Il Vescovo di Roma ha poi tiproposto le figure di Anna, che prega il Signore di avere un figlio maschio, e del sacerdote, il “vecchio Eli”, che “era un debole, aveva perso la vicinanza, a Dio e alla gente”: aveva ritenuto Anna un’ubriaca. Ella invece stava pregando nel suo cuore, muovendo soltanto le labbra. Fu lei a spiegare ad Eli di essere “amareggiata” e che a parlare era stato “l’eccesso” del proprio “dolore” e della propria “angoscia”. E mentre lei parlava, Eli fu “capace di avvicinarsi a quel cuore”, fino a dirle di andare in pace: “il Dio di Israele ti conceda quello che gli hai chiesto”. Si rese conto, osserva il Papa, “di avere sbagliato” facendo uscire dal suo cuore “la benedizione e la profezia”, perché poi Anna partorì Samuele.
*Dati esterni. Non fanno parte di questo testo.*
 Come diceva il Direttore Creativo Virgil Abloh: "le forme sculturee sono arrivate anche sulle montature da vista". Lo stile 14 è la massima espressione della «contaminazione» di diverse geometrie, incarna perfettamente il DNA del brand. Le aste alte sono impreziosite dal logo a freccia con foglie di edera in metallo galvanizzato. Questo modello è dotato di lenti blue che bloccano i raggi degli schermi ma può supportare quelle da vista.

Io dirò ai pastori che hanno vissuto la vita staccati da Dio e dal popolo, dalla gente: “Ma, non perdere la speranza. Sempre c’è la possibilità. A questo è stato sufficiente guardare, avvicinarsi a una donna, ascoltarla e risvegliare l’autorità per benedire e profetizzare; quella profezia è stata fatta e il figlio alla donna è venuto”. L’autorità: l’autorità, dono di Dio. Solo viene da Lui. E Gesù la dà ai suoi. Autorità nel parlare, che viene dalla vicinanza con Dio e con la gente, sempre tutti e due insieme. Autorità che è coerenza, non doppia vita. E’ autorità, e se un pastore la perde almeno non perda la speranza, come Eli: sempre c’è tempo di avvicinarsi e risvegliare l’autorità e la profezia.